Materials provided >>
=-=-=-=-=
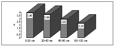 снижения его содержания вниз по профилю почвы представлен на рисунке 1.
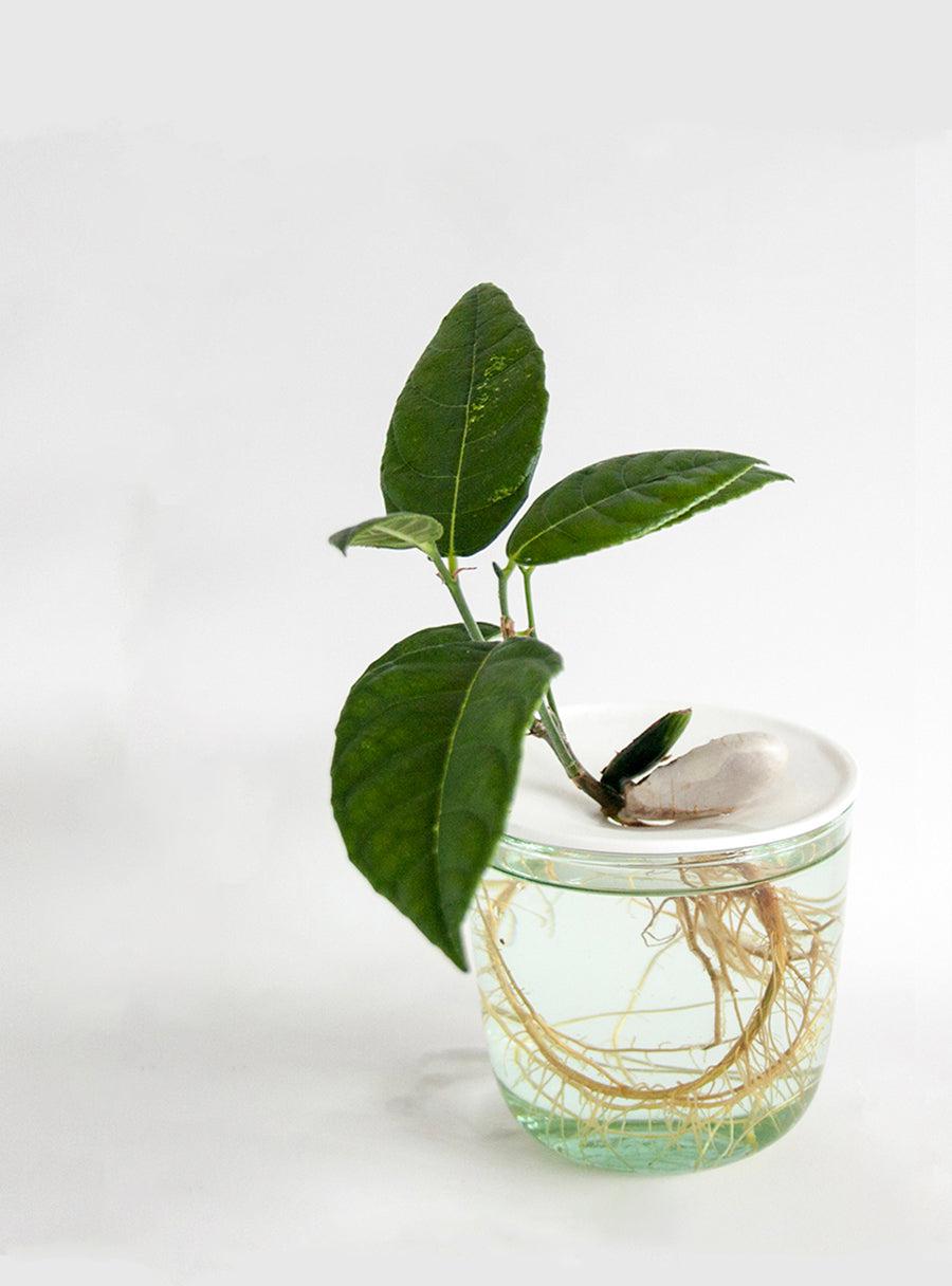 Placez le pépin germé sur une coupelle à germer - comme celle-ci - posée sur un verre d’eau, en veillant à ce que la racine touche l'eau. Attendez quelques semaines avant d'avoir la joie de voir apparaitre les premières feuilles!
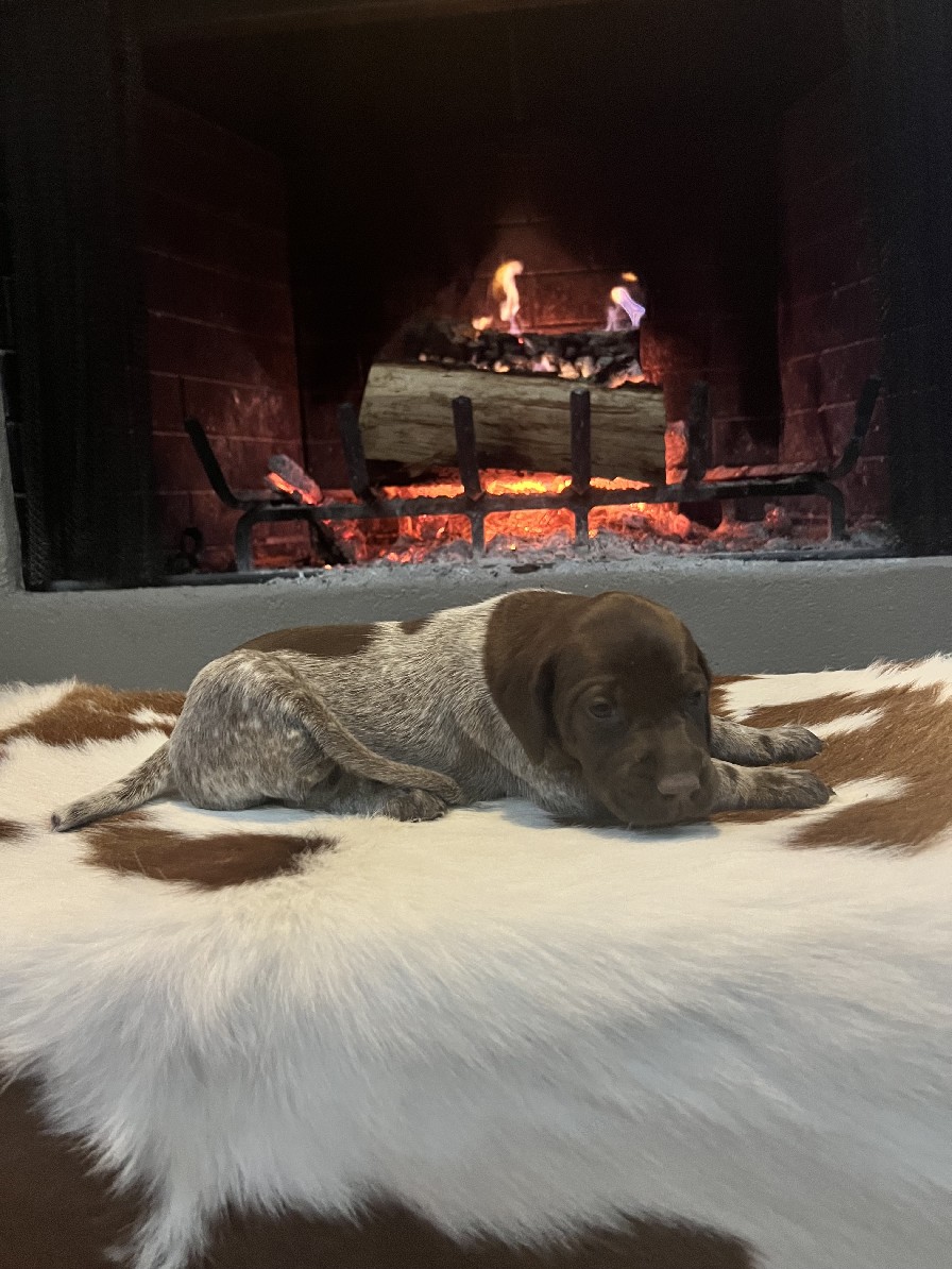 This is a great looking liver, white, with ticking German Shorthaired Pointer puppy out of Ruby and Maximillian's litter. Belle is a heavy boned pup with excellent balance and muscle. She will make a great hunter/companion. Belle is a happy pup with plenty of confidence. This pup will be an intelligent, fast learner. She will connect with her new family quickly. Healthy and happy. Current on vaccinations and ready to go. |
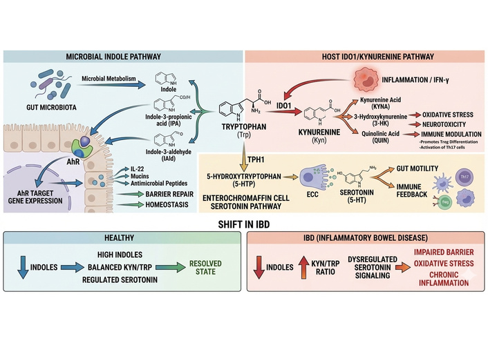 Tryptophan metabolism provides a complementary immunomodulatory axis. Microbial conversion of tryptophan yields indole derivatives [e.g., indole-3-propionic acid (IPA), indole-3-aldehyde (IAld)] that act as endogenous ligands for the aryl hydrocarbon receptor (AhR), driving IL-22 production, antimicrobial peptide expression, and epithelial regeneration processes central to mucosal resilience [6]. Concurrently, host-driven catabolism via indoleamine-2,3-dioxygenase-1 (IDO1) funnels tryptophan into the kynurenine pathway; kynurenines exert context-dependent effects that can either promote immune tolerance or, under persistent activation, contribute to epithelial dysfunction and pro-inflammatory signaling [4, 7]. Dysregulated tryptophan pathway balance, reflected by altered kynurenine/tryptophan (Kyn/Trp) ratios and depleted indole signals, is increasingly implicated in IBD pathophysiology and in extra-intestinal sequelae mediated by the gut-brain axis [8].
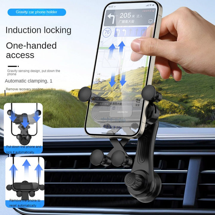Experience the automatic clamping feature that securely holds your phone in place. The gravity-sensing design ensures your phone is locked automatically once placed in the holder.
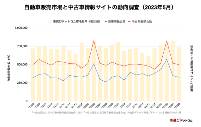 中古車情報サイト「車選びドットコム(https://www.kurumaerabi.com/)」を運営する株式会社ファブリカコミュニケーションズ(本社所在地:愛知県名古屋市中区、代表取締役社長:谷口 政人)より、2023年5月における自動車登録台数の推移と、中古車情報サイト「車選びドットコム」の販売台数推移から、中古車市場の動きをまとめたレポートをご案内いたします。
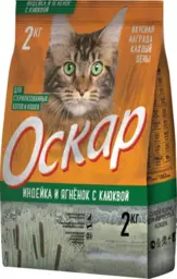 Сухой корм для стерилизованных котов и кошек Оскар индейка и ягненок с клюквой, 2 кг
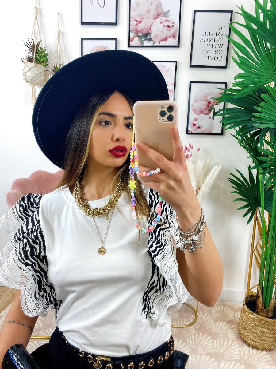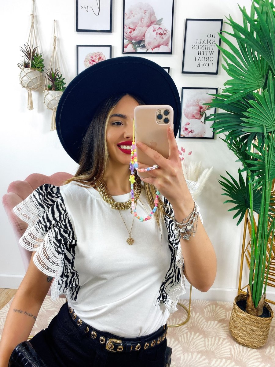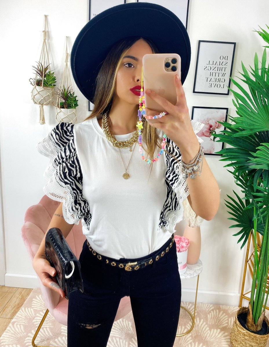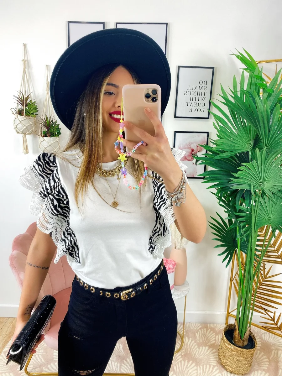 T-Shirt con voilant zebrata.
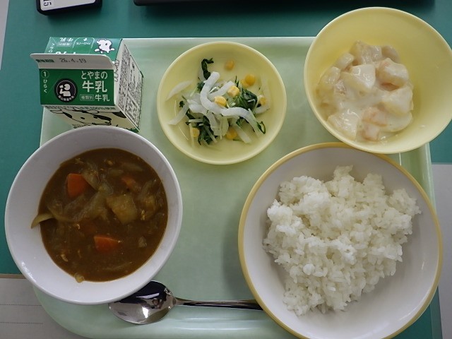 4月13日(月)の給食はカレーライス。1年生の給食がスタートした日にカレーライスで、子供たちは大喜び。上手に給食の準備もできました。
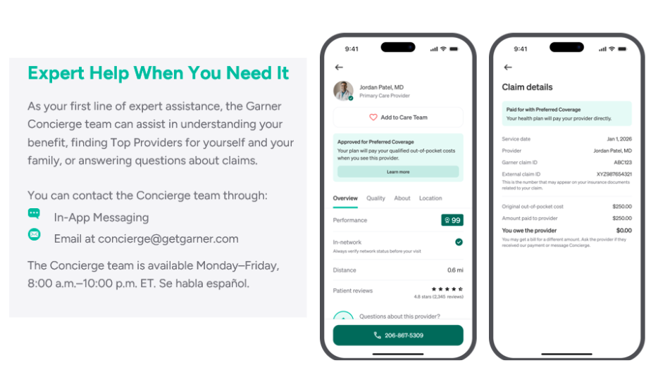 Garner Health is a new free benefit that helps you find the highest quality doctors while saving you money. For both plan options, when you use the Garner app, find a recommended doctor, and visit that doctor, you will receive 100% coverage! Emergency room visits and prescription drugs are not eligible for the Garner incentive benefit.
=-=-=-=-=
What you will do >> Write out exactly and only the lines that run from the start of the data above through the line containing "Placez le pépin", leaving the pictures out.

Result of the task >>
 снижения его содержания вниз по профилю почвы представлен на рисунке 1.
 Placez le pépin germé sur une coupelle à germer - comme celle-ci - posée sur un verre d’eau, en veillant à ce que la racine touche l'eau. Attendez quelques semaines avant d'avoir la joie de voir apparaitre les premières feuilles!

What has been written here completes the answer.